Не успев еще осознать происходящее, я очутился за роялем и сыграл две рапсодии op. 79 Брамса. Кроме самого д’Альбера, аудитория поначалу состояла из его друзей, среди которых находились Энгельберт Хумпердинк, автор [оперы] «Хензель и Гретель», и еще несколько интересных личностей. Но вскоре часть публики, одевавшаяся в гардеробе, услыхав доносившуюся из зала музыку, бросилась туда в надежде на еще один «бис». Смутившись при виде юноши, играющего д’Альберу, люди остались послушать. Когда я кончил, шумные аплодисменты этой нежданной публики породили во мне такое чувство, как будто это я только что закончил свой собственный концерт.

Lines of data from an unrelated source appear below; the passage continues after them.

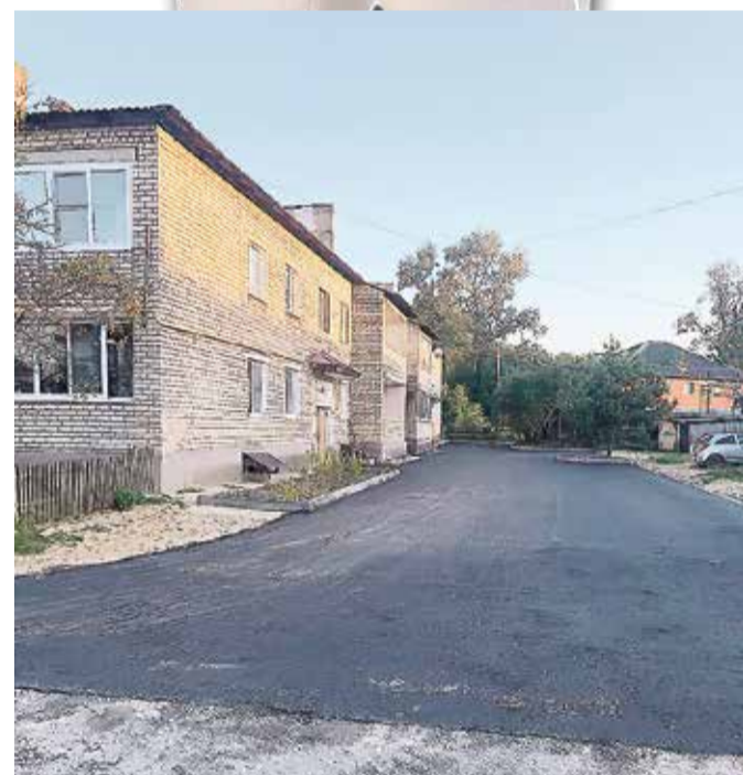
Шесть придомовых территорий были обновлены по программе «Комфортная среда».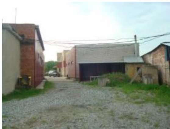
База с северной части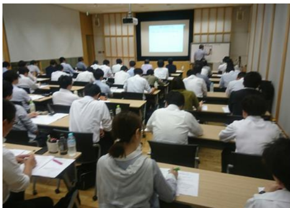
写真-1 本部地下1階の講習会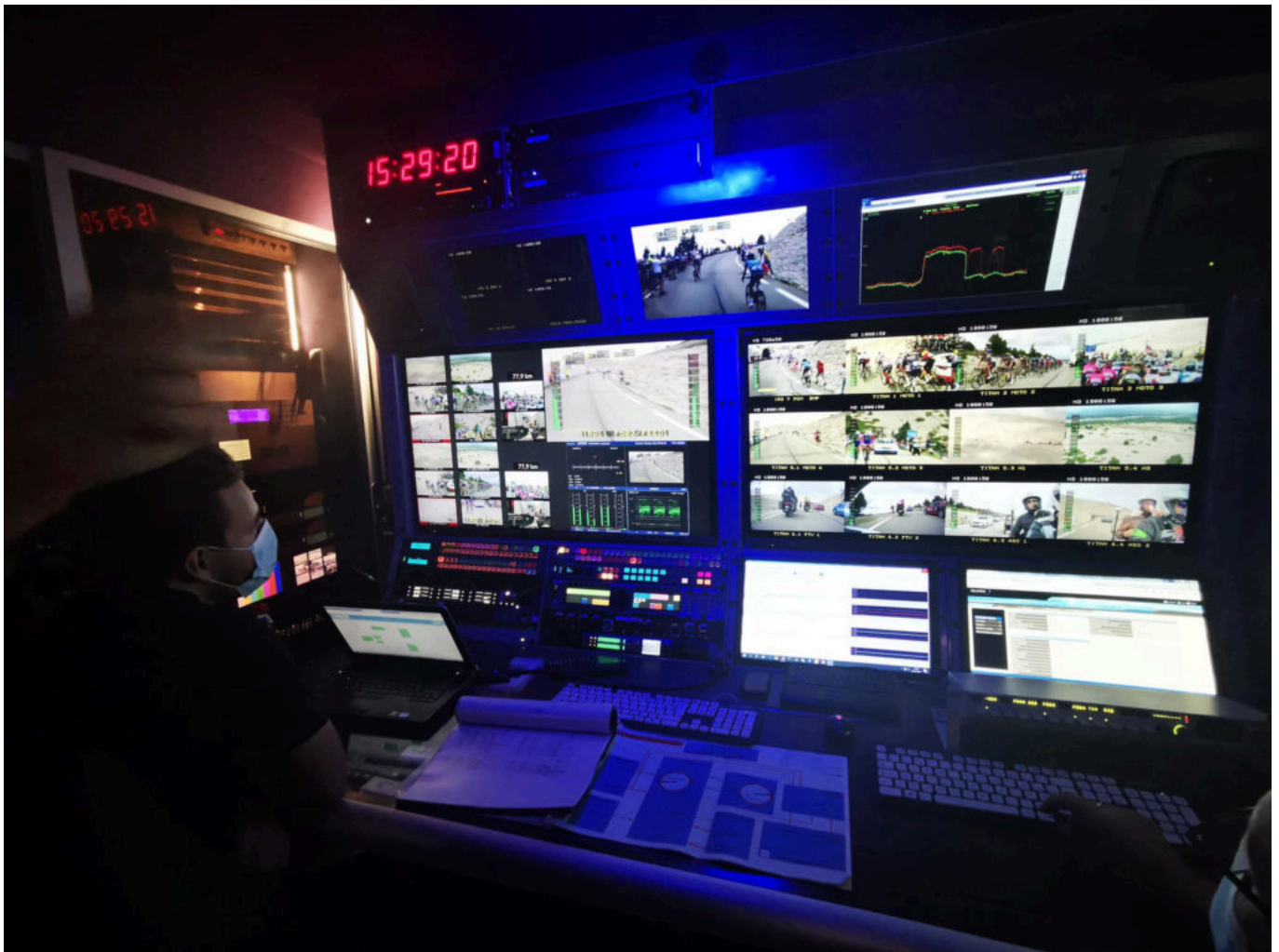
Les faisceaux lumineux jaillissent de toutes parts chez Globecast.

Ces dernières sont récupérées, traitées qualitativement et transmises au car de production de France Télévision. Ce dernier renvoie ensuite la réalisation à Globecast qui se charge de transmettre le produit fini par satellite, ce sont les images que vous voyez dans votre salon. Sur les multiples écrans, nous apercevons les captations des hélicoptères, les caméras privatives d'ASO et France Télévision, NBC, Eurosport et leurs commentateurs. La voix du réalisateur résonne depuis l'enceinte : « fais-moi un plan sur la moto 1, top ! Hélicoptère numéro 2 preview, prépare-toi ! »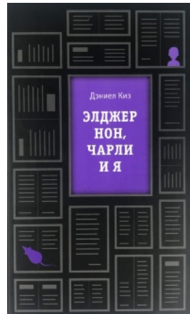
Элджернон, Чарли и я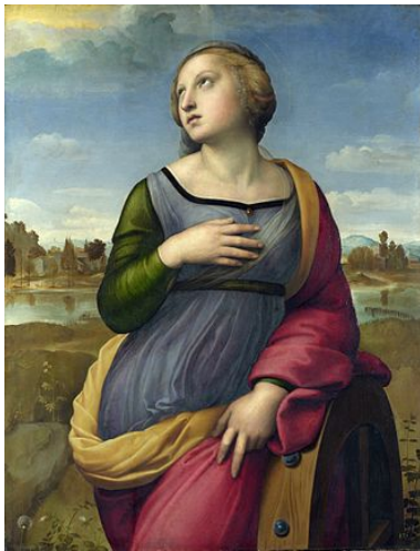
Рис. 4. Рафаель Санті, Свята Катерина Олександрійська. Олія на тополі, 1507 р.

Натомість, у православної традиції з Нового часу найбільш відомі два основні іконографічні ізводи Катерини з Єгипту – Олександрійська та Великомучениця. Перший тип був представлений доволі аскетичним, статичним образом Святої, виконаним у межах грецько-візантійської традиції. Найранішими прикладами такого типу іконографії є твір «Св. Катерина та Марина» XI ст. з колекції Музею Монастиря Святої Катерини на Синаї (Рис. 5) та репліка XIII ст. з прообразів X–XI ст. – «Св. Катерина (з благословляючою долонею) та Діва Марія "Неопалима купина" з Немовлям Ісусом та Мойсеєм» з цієї ж збірки (Рис. 6).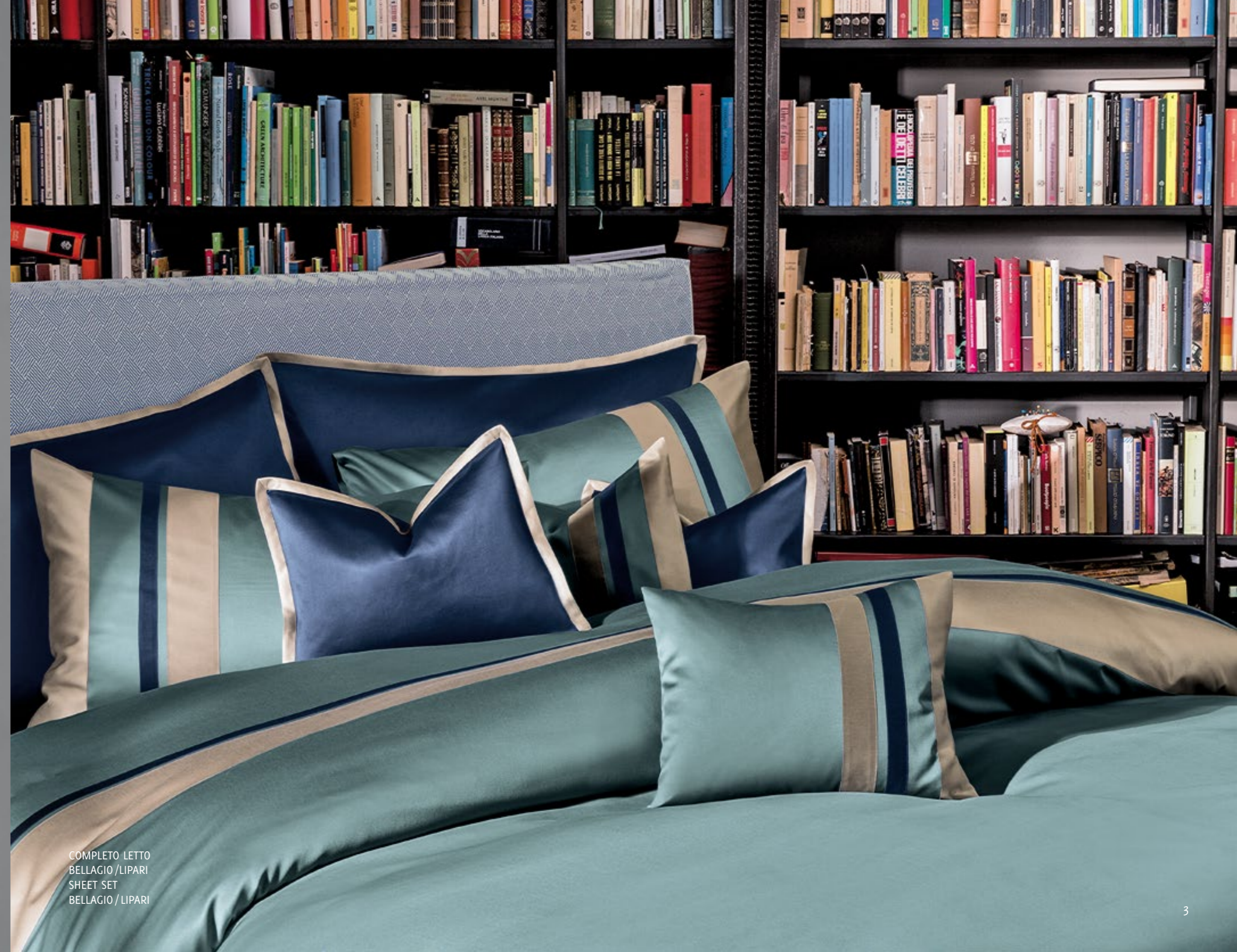
COMPLETO LETTO BELLAGIO /LIPARI SHEET SET BELLAGIO /LIPARI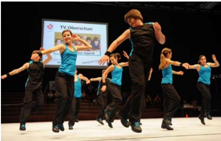
TV Oberschan 3. Rang in der Kat. Jugend.

Nach einem Einbruch im letzten Jahr kämpfte der STV Gränichen heuer wieder an der Spitze der Aktivkategorie mit. Die Qualifikationsrunde beendeten die sieben Aargauerinnen mit der zweithöchsten Punktzahl hinter dem TV Lenzburg. Im Final hielten die Nerven nicht ganz Stand, womit sie auf den vierten Platz zurückfielen.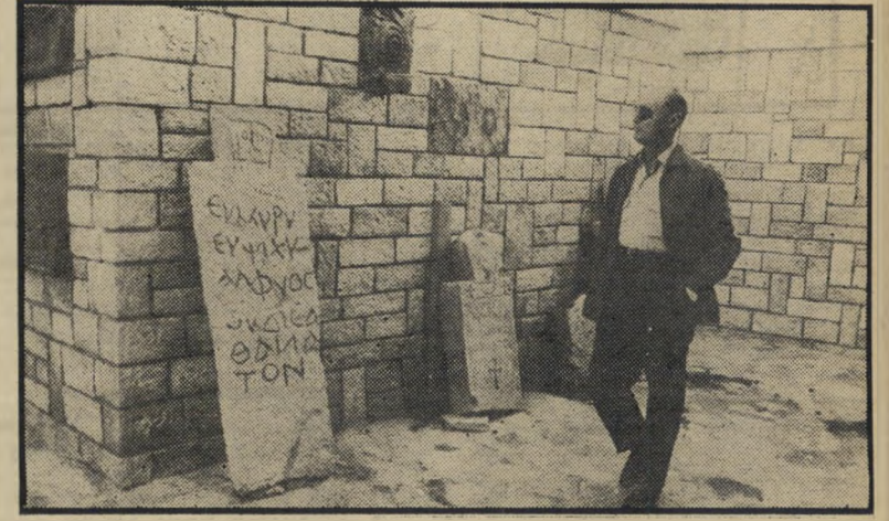
דיין ועתיקותיו בחצר ביתו מה שמותר ליופיטר, אסור לשור?

שבוע המשיך משה דיין לעמוד מעל ומעבר לחוקים המחייבים את שאר אזרחי המדינה. אלא שהפעם, הוא עשה זאת בצורה חוקית: משרד האוצר נתן לו אישור לכך. המדובר בסכום - קטן, יחסית להכנסותיו של שר הביטחון - של 7,500 דולר, שדין קיבל תמורת איוון מצולם שהעניק לסיכנות ידועות צרפתית. בניגוד לתקנות הקובעות במדינה, הירשה שריהאוצר לדיין לנהוג בכסף כך: הסכום חוייב במס-הכנסה מוגבל של 33% בלבד, כנהוג לגבי סופרים ואמנים. היתרה תופקד בבנק אוצר לחייל, ודיין יוכל לנצלה, כרצונו, למטרות רכישת עתיקות בחו"ל והבאתן לארץ. אזרח רגיל אינו יכול כמובן לחלום על תנאים כאלה. שכן אזרח רגיל חייב להמיר את הדולרים שהוא מרוויח בחו"ל בלירות ישראליות, לפי השער הרשמי - ולשלם עליהם מס-הכנסה מלא. היתר שניתן למשה דיין יעורר בעיות תקדימיות חמורות, מאחר שבעלי השפעה שונים יתחילו עתה להפעיל לחצים על האוצר לקבלת היתר דומה, בטענות כי מה שמותר ליופיטר, מותר גם לשור.

Д’Альбер обнял меня, говоря:
– Да, Вы настоящий Рубинштейн!
Я попрощался, как во сне. На обратном пути г-н Вольф, очень обрадованный, рассказал мне следующую грустную историю.
– Осип Габрилович, блестящий молодой пианист, будущий руководитель Детройтского симфонического оркестра и зять писателя Марка Твена, очень туго «проходил» у трудной берлинской публики. Будучи честолюбивым и очень работящим, он приготовил хорошую программу для нового концерта, на который Вольфу – с помощью особенно усердной рекламы – удалось собрать полный зал.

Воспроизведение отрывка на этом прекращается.